Various types of electronic transactions involve one party making a request for access to a resource from another party, which request may be granted based on an explicit permission or transactional conformance to stored permission-granting criteria. One type of permission-related transaction also involves a payment associated with the request (e.g., a purchase for a good or service). Customers may purchase goods or services directly from a merchant or vendor via a variety of electronic means, including in-person or in-store means such as credit cards, debit cards, or mobile-phone payment applications and remote or network-based means such as a web site or mobile-phone application. By authorizing payment upon presentation of the transaction details, the customer gives explicit permission to a payment entity to pay the merchant in accordance with the presented terms.
Increasingly, the transactional relationship between buyer and seller is being attenuated by the emergence of third-party entities that serve as aggregators or portals for a plurality of merchants, vendors, or other entities. A customer typically interacts with the third-party entity via a web site or software application, and the third-party entity displays the goods or services offered by the aggregated merchants. The customer submits a request or order to the third-party entity, which relays the request to the appropriate merchant. If the merchant accepts, the third-party entity so informs the customer. The third-party entity may also act as a payment processor and interact with a funding source associated with the customer and submit payment to the merchant. In such transactional contexts, the additional involved parties increase the number of permissions required to actually complete the sale—for example, from customer to aggregator to vendor for payment, from a credit-card processor to the vendor for reimbursement, and from vendor to aggregator for order confirmation.
FIG. 1 illustrates an example environment 100 of such a transaction.

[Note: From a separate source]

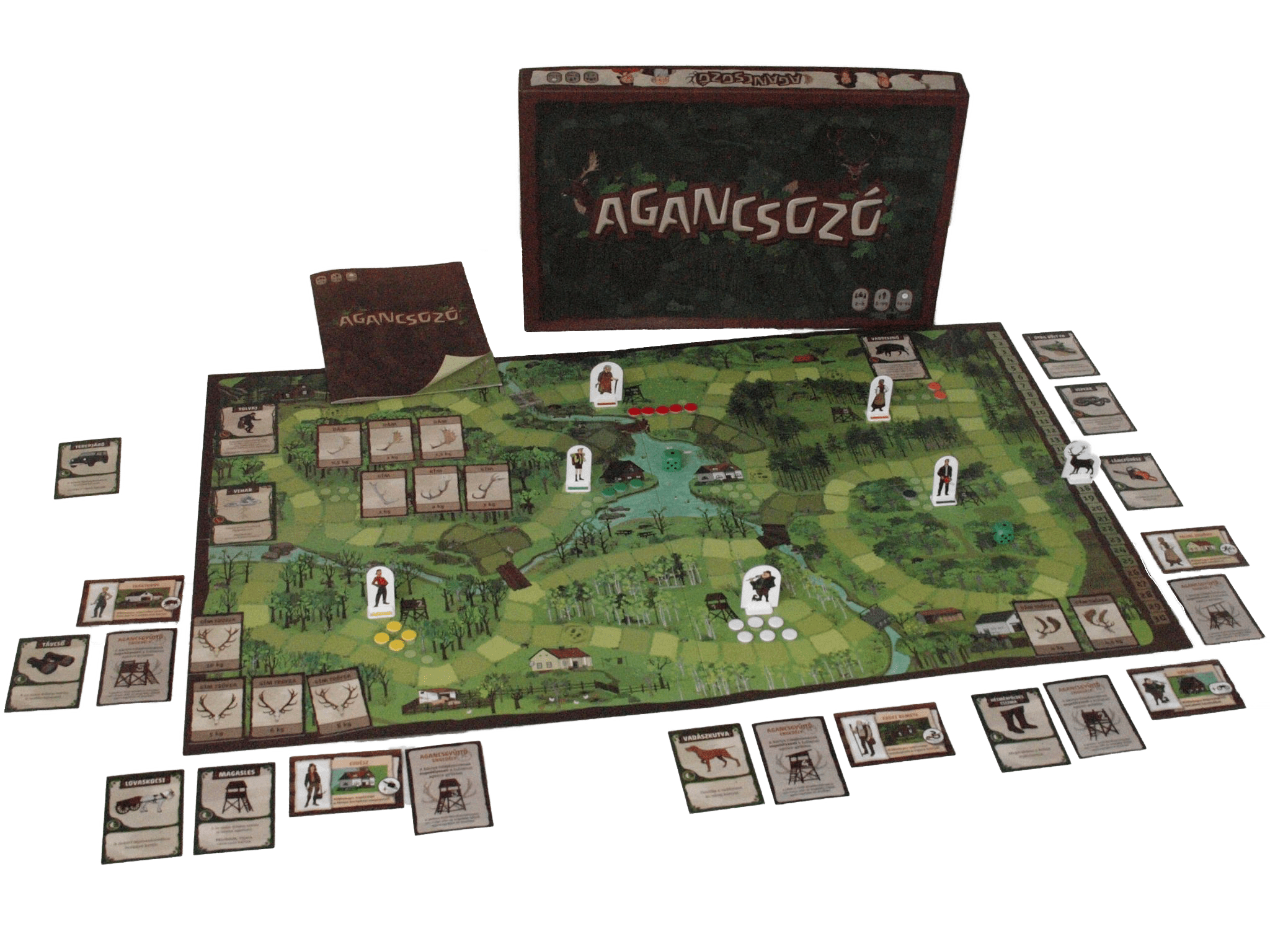 Az Agancsozó egy olyan izgalmas társasjáték, ahol a gím-, és dámszarvasok által lehullatott agancsokat kell összegyűjteni a játék során.

A customer 102 visits a web page of an online food-services vendor 104, which displays the menu items of a plurality of restaurants 108. The customer 102 selects a food item for pick-up or delivery, and the vendor 104 communicates with a restaurant 108 associated with the food item to thereby fulfill the request of the customer 102. Payment for the item is received from a credit-card server 106 and supplied to the restaurant 108. FIG. 2 illustrates a more general example 200 of this sort of transaction, in which a requester 202 seeking access to a resource 204 communicates with a request relayer 206 in order to have a request granted by a request manager 208. Following permission from the request manager 208, the request relayer 206 communicates with the resource 204 in order to accord access to the requester 202 in accordance with the accepted terms of the request.

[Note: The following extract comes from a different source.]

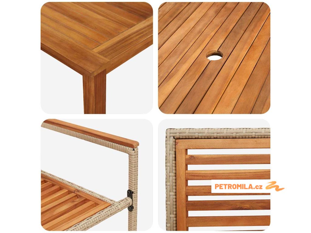 - Materiály: Jídelní souprava je z masivního akáciového dřeva, které se vyznačuje odolností a hezkými vzory. Spolu s rámem z poly ratanu zajišťuje stabilní a stylové řešení pro venkovní odpočinek, odolávající povětrnostním vlivům.

Aggregation may be attractive for customers because they need interact with only one entity, the request relayer 206, in order to access goods or services from a number of different request managers 208 (e.g., restaurants 108 in the above example). Request managers 208 may benefit from this type of transaction because, for example, they need not maintain electronic infrastructure, such as web pages and financial-transaction software, which instead is created and maintained by the request relayer 206. Outside the sales context, request managers may find it convenient to set up computationally resolvable criteria for permissions management and allow a third party to manage the mechanics of access. For example, the resource may be a collection of stock photographs that are licensed on standard terms depending on the requester's intended use, or even sensitive financial information that, for example, a merchant must make repeatedly accessible to actual or prospective sources of financing. In all of these cases, a firm's ability to expand its market audience (via an aggregator) or outsource permissions management (via a request handler) can be highly beneficial.
Other aspects of the transaction environment 200 are less advantageous. Because a request manager 208 does not interact directly with a requester 202, the request manager 208 cannot collect data about the requester 202, such as demographic data, location data, or purchase-history data. The request manager 208 is further limited in its inability to extend promotions, coupons, or offers to the requester 202. And while the network and/or financial infrastructure burden for request processing is at least partially lifted from the request manager 208, it is merely shifted to the request relayer 206, which must bear the burden of mediating access to the resource 204, e.g., creating and maintaining payment-processing functions in a purchase context. A need therefore exists for an improved system and method for facilitating permissions management in the context of electronic payments and other transactions.